At 12 for 4 in the twelfth of 35 overs we seemed to have the game firmly in our grip, but of course that was an illusion. It didn’t go to pieces. The boundary off Dinesh remained the only one until the twenty-first over. But we stopped getting wickets. Gregory perhaps had a half-chance at a caught-and-bowled: Joji beat the bat a couple of times. But Priston batted sensibly, without hurrying. Immediately before the drinks break they attacked Tobias, who had been tidy up to then, and took the partnership past fifty. A decision was made to change pace, and Bruce recalled Dinesh, who broke through almost at once. Mihir was tried at the other end and he took two wickets with slower balls, but he also gave away a few runs: so, surprisingly, did Subrata when he returned. Still, 89-7 was definitely good for us. But again we couldn’t quite finish it. With a proper batsman, who had come in at three and played very well, still around, Bruce didn’t want to bowl himself (he is very effective if tailenders try to attack him) and he selected Mub ahead of Kamal. That didn’t really work, though a couple of miscues went not far out of reach. Finally Bruce turned to Joji and Kamal, who ended the innings abruptly.
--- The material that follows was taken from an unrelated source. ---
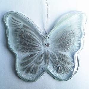 Szklany motyl z grubego przezroczystego szkła o wymiarze 17cm x 14cm, z srebrnoszarym wzorem. To idealny upominek zapakowany w ekologiczne, ozdobne pudełko.

We had hoped not to have to chase as many as 129. Still, to win they would have to bowl us out. Jaideep and Mub opened. Midweek, they had added a hundred, with Jaideep making the early running; but this was trickier, and they were both cautious. One opening bowler was very accurate: the other certainly carried a danger, but offered width sometimes. A dozen extras helped to build a partnership of 37 in ten overs: then the accurate bowler produced a completely rank full toss, and Jaideep hit it tamely back to him. Shortly before that, Mub had survived a close LBW appeal and been dropped at midwicket. Subrata hung around for a bit but was leg before, pad-bat rather than bat-pad, before he could do much. This is another thing that used not to be given out before DRS, which proved that it happens quite often and that it isn’t very hard to get right. Rohan fell the same way to the same bowler: Bruce was probably glad to have an easy decision this time. At 49 for three the match could have gone either way.
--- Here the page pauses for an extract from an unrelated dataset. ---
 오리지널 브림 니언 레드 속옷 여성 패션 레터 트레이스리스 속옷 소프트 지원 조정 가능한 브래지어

The decisive partnership really was the one that followed, 52 by Mub and Kamal. Kamal plays flicks and scoops and scores most of his runs behind the wicket, but he is not rash except perhaps in running. His aim is to keep turning the strike over. Today he started with seven dots, followed by six singles, with little risk. Mub plays many more dots but will punish anything loose. We did have a piece of luck. The bowler who had got Subrata and Rohan was taken off, and puzzlingly did not bowl again: the new bowler lost his rhythm totally (for them it was the first match of the season) and bowled a string of wides and no-balls. That got the score moving again, and meant we didn’t have to worry about the run rate. But just when it all seemed under control, Kamal committed the error of Misbah-ul-Haq and scooped a catch to short fine. Back came the accurate opener to bowl his two remaining overs. Dinesh chopped on, Tobias chipped a return catch first ball. Joji stopped the hat trick, but we still needed nearly thirty and there were Mihir, Bruce and Gregory, none of them much use with a bat, to come. Mub stayed calm. Joji had some anxious moments but he saw off the opener, and after that it was downhill to the finish.